В одном из мифов девственница Диана, разгневавшись на Актеона за то, что тот увидел ее обнаженной, превратила юного охотника в оленя, и собаки растерзали хозяина. В па-де-де из «Эсмеральды» нет ничего подобного. В руке богини – очень маленький, чисто условный лук, похожий на полумесяц. Действительно, здесь она уже не охотница, а богиня Луны, подобно тому как ее брат из стреловержца-лучника преобразился в согревающего лучами бога Солнца. Между Дианой и ее партнером нет противоборства. Это не дуэль, а дуэт: может, даже не с Актеоном, а с Аполлоном. В таком случае небесный дуэт – отражение земного: богиня покровительствует Эсмеральде, а бог – своему тезке (Феб – «Лучезарный» – одно из имен Аполлона). Возникает образ небожителей, которые благословляют главных героев, несут сынам и дочерям Земли целительную мысль: люди изуродованы духовно и физически, и лечить их нужно танцем.
Главные действующие лица древнегреческих мифов – боги-олимпийцы. Старшее поколение – громовержец Зевс, его братья: повелитель морей Посейдон и владыка подземного царства Аид; их жены – Гера, Амфитрита, Персефона. Но богами театра стали олимпийцы младшего поколения: Аполлон, Артемида, Афродита – бог-сын и богини-дочери. Есть и бог-внук: Эрот (у римлян Амур), сын Афродиты, полюбивший земную девушку Психею и взявший ее на небо. Амур и Психея – боги завтрашнего театра.

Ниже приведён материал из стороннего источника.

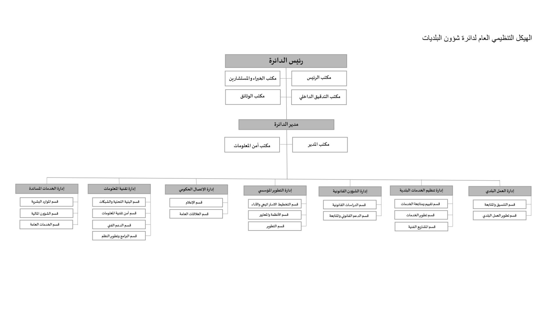 وبحسب المرسوم يُعتمد الهيكل التنظيمي العام لدائرة شؤون البلديات، ويُصدر المجلس التنفيذي بقراراتٍ منه ما يلي:
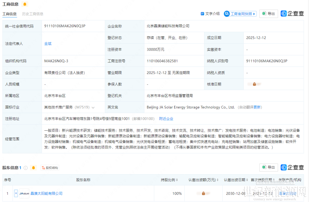近日,北京晶澳储能科技有限公司成立,注册资本3亿人民币。经营范围包括新兴能源技术研发、储能技术服务、新能源原动设备制造、新能源原动设备销售等。
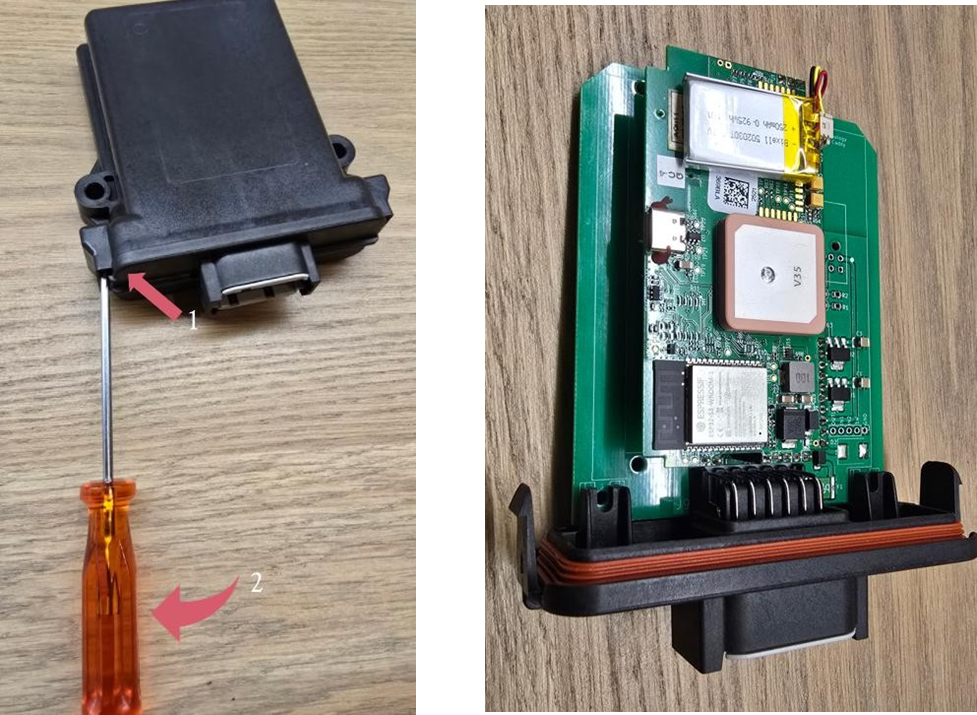 front panel of the device using a small flat screwdriver of approximately 4mm. Insert the screwdriver as shown, and then

Ничто не вечно под луной и под солнцем. Прошли века, и Церковь стала относиться к танцу более терпимо. Рассказывая о своем пребывании в Италии начала XX века, балерина Тамара Карсавина отмечала: «Все танцовщицы были чрезвычайно благочестивыми – они взывали Madonna mia при каждом трудном па и иногда приглашали меня в маленькую часовенку, где стояла статуя Святой Девы – покровительницы танцовщиц».